Your assignment: Take the lines below from the one with "2) Ajouter le" through the one with "鉴定单位:广东通信行业职业技能鉴定中心" and print only them, exactly. Don't print the pictures.

:: Dataset records

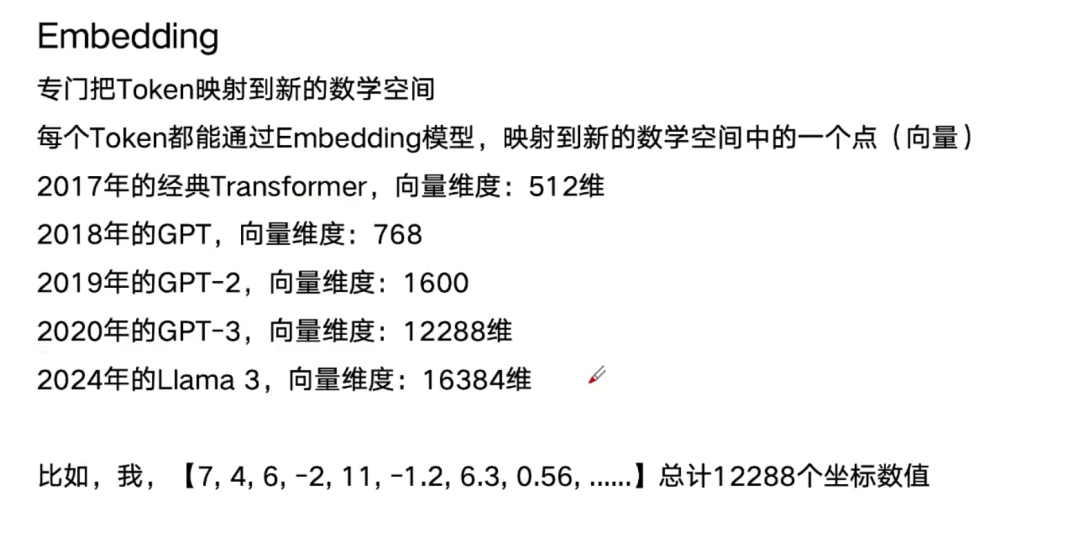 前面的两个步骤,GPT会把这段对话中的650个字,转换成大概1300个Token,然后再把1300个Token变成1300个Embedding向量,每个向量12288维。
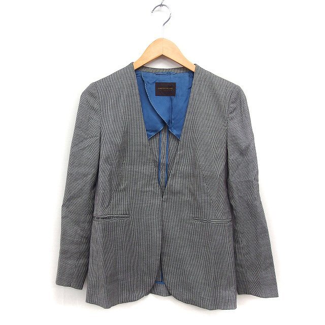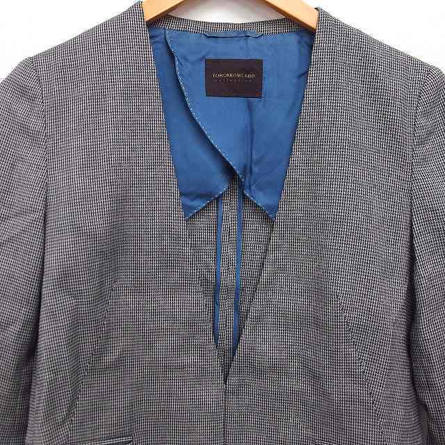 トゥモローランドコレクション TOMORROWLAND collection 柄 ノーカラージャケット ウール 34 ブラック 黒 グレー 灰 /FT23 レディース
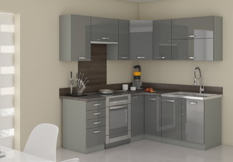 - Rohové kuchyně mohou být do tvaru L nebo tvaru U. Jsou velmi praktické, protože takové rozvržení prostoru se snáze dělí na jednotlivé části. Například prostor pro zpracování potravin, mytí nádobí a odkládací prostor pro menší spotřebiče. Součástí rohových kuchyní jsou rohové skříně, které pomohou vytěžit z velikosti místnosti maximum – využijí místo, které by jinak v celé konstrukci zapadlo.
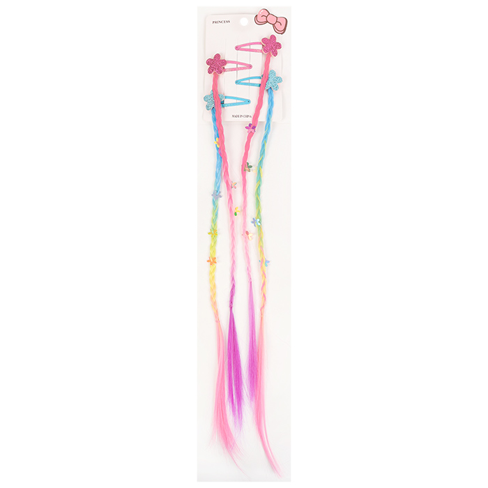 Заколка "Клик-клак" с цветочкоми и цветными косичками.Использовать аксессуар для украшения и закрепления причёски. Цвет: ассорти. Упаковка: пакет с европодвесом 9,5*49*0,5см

::::
:: Dataset records

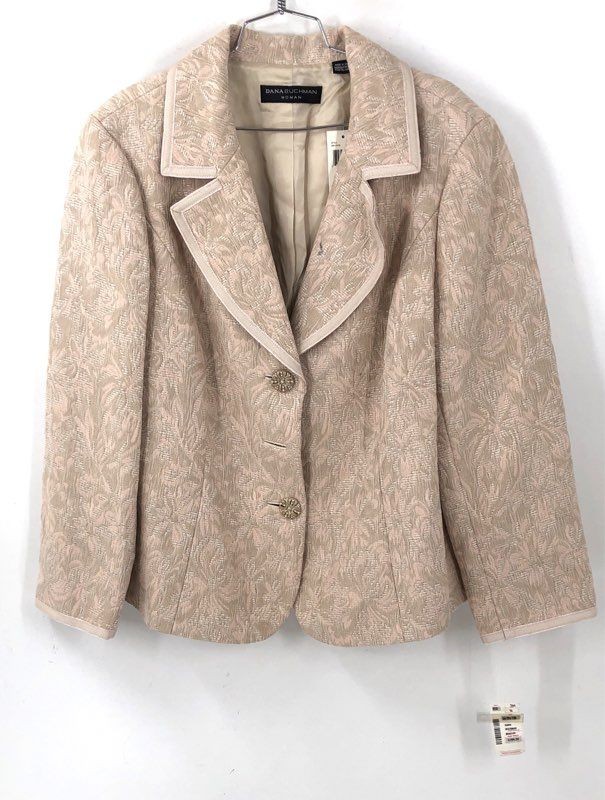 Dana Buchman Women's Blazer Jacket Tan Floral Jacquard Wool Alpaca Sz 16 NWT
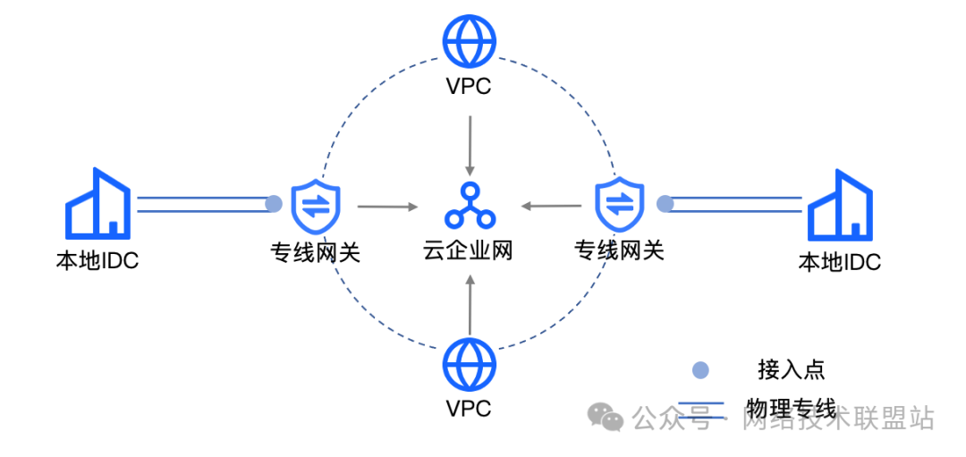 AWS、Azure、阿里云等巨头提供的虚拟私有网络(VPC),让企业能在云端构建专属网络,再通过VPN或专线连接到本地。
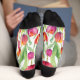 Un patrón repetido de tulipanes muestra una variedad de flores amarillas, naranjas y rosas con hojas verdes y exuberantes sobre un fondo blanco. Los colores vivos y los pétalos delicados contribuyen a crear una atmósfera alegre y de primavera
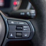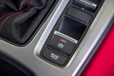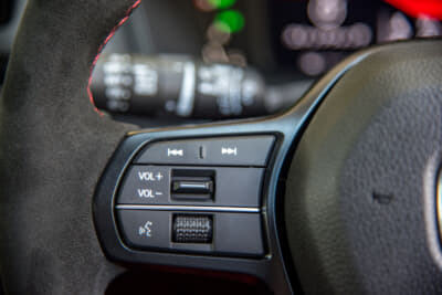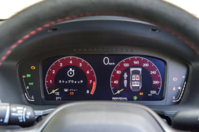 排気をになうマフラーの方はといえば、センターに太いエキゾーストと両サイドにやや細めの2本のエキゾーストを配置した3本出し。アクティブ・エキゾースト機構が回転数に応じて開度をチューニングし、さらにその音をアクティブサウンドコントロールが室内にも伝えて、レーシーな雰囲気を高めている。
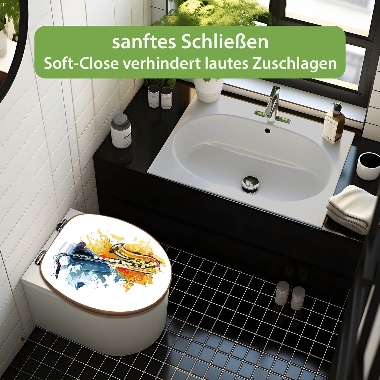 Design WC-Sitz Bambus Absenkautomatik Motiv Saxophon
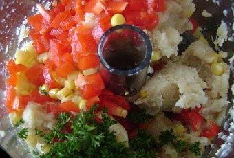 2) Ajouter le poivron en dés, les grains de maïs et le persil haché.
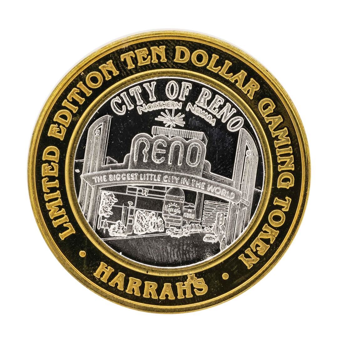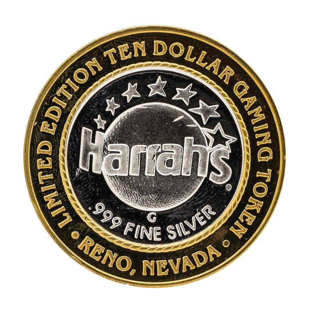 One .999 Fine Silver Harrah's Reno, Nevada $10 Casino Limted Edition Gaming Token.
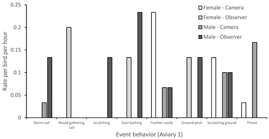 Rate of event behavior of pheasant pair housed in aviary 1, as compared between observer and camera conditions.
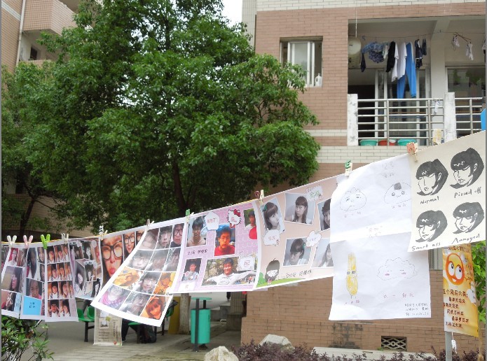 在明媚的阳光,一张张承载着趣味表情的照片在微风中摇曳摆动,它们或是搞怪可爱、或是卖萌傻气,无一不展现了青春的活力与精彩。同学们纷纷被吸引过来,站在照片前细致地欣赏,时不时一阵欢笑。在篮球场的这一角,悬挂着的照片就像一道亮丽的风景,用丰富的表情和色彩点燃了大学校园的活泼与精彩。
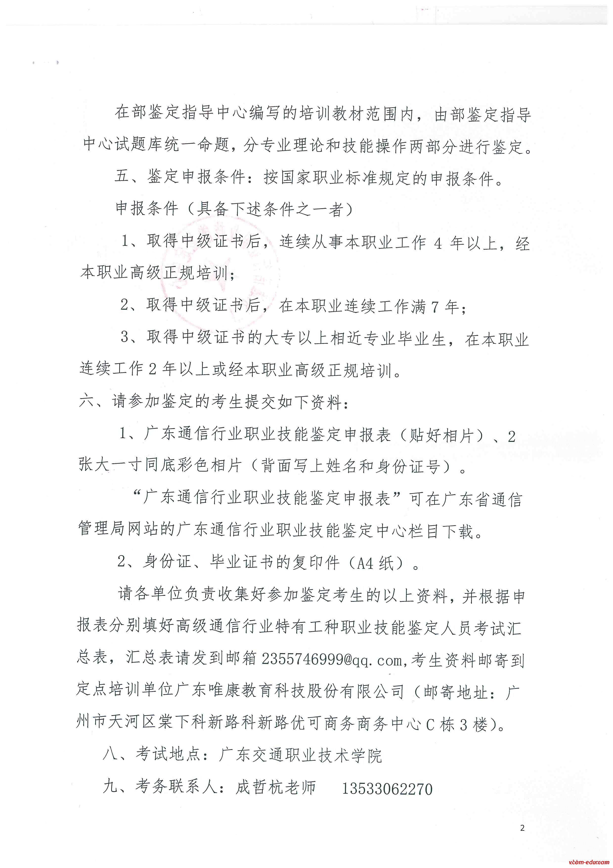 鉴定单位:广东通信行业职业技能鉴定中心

::::

Task output:
 2) Ajouter le poivron en dés, les grains de maïs et le persil haché.
 One .999 Fine Silver Harrah's Reno, Nevada $10 Casino Limted Edition Gaming Token.
 Rate of event behavior of pheasant pair housed in aviary 1, as compared between observer and camera conditions.
 在明媚的阳光,一张张承载着趣味表情的照片在微风中摇曳摆动,它们或是搞怪可爱、或是卖萌傻气,无一不展现了青春的活力与精彩。同学们纷纷被吸引过来,站在照片前细致地欣赏,时不时一阵欢笑。在篮球场的这一角,悬挂着的照片就像一道亮丽的风景,用丰富的表情和色彩点燃了大学校园的活泼与精彩。
 鉴定单位:广东通信行业职业技能鉴定中心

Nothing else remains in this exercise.